Since the outbreak of the US subprime crisis, the world's turbulent financial market has put China's more than $1.9-trillion foreign reserves at a high financial risk.

Some domestic scholars and economists have become increasingly vocal arguing that the country should not hold such a large amount of US government bonds to avoid any possibility that our people may pay for a subprime crisis in the US.

There surely are some reasons for such worries. But the question is: can China find a safer investment destination for its foreign reserves in the current international financial market with a lower risk but a higher return? The answer is no.

On the contrary, it turned out that with a large portion of its foreign reserve flowing to low-risk US government bonds, China has successfully minimized the impacts of the ongoing financial crisis upon its own financial structure and the economy as a whole.

It is true that the unstable international financial situations do expose China's investment in the US, either its dollar-holding foreign reserves or American equity products bought by its Chinese financial bodies, to a certain risk of wealth shrinkage.

Some propose the country shift its enormous foreign reserve investment to Europe to evade possible financial risks caused by its excessive concentration in the US market. Then raises another problem: in which areas can the country invest in the European markets and whether the European continent can remain immune to the catastrophic financial sandstorm that first broke out in the world's most powerful economy?

As a matter of fact, another ideal destination for China to use its foreign reserves is back in Hong Kong's H-share market. After experiencing the latest round of price decline, a number of stocks in the H-share market have already had no space for a further tumble. Take China Southern Airlines, China Eastern Airlines, and China Aluminum. All the shares of these enterprises are now at a reasonable price level after suffering a steep fall in recent months.

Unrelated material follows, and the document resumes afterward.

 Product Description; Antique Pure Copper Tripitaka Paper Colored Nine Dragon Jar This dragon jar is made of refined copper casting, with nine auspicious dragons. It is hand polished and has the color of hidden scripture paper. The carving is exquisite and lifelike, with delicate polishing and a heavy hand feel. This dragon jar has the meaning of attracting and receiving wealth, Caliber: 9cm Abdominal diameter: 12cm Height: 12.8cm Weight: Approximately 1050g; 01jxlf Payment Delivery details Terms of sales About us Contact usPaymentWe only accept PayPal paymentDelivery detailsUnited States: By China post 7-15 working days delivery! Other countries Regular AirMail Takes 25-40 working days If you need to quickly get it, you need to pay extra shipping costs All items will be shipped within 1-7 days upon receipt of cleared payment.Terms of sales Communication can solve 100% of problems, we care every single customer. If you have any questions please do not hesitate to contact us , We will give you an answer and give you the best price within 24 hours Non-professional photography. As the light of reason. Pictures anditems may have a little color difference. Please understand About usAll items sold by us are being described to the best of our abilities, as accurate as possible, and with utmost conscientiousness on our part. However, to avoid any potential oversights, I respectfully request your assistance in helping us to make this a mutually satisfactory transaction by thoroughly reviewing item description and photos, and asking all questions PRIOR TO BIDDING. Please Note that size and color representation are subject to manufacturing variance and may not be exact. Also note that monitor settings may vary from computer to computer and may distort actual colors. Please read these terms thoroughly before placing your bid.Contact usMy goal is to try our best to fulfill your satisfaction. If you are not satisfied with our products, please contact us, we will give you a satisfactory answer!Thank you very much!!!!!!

That has not only dealt a severe blow to the confidence of overseas investors in the H-share market, but has also deprived these Hong Kong-listed enterprises of a further financing function.

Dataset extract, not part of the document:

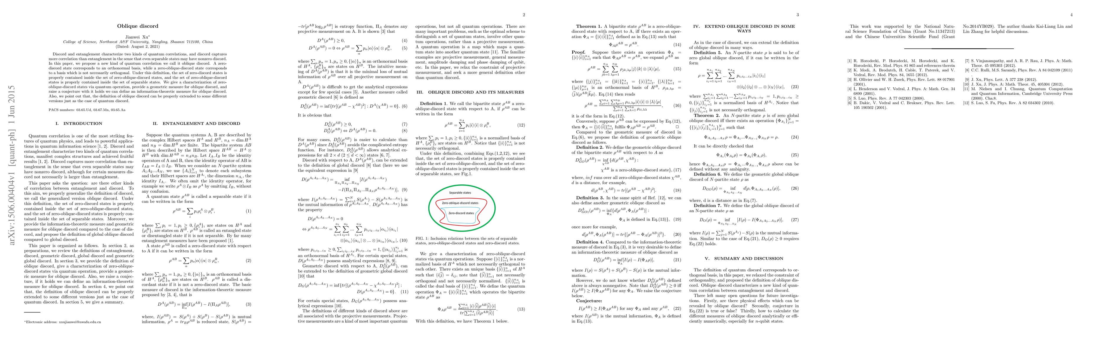 This paper introduces a new quantum correlation termed oblique discord, which captures more correlation than quantum discord. It defines oblique discord for states that are not necessarily orthogonal, thus encompassing a broader set of separable states than zero-discord states.

If the central government uses its strong capital reservoir to buy these enterprises' stocks, the dented investor confidence in them would be substantively elevated, which would help regain their lost financing functions. As leading enterprises in relevant domestic industries, these companies have long served as the backbone and pillar of our national economy.

Not only listed in Hong Kong, these firms are also listed in Shanghai's A-share bourse and act as the market's weighted shares. Shifting part of the country's foreign reserves to H-shares is also expected to restore investor confidence in the whole domestic stock market if it performs well in more mature Hong Kong capital market. That will influence to some degree the trend of stocks in the A-share market.

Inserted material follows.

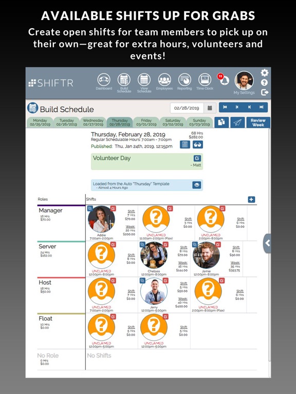 • Create open shifts for team members to pick up—great for extra hours, volunteers and events!

The flow of the country's foreign reserve to H shares will also help investors regain confidence in Hong Kong's stock market.

Over the past year, stock prices in the region have experienced drastic fluctuations, with its Hang Seng index falling to a little more than 10,000 points from last year's highest 31,000, or down by more than 60 percent. Considering domestic H-shares play an influential role in Hong Kong's stock market, the flow of the country's foreign reserves to H-shares will surely help retrieve investor confidence in Hang Seng's H-shares.

It is also because we have a better knowledge about the market compared with other risky or uncertain foreign stock markets.

It also means injecting new vitality into the future of the country's economy. Also, given its large scale, the flow of part of the country's huge foreign reserve to H-shares will not cause excessive speculations under the current well-developed financial monitoring system in Hong Kong.

The author is a researcher with the Institute of Finance and Banking under the Chinese Academy of Social Sciences.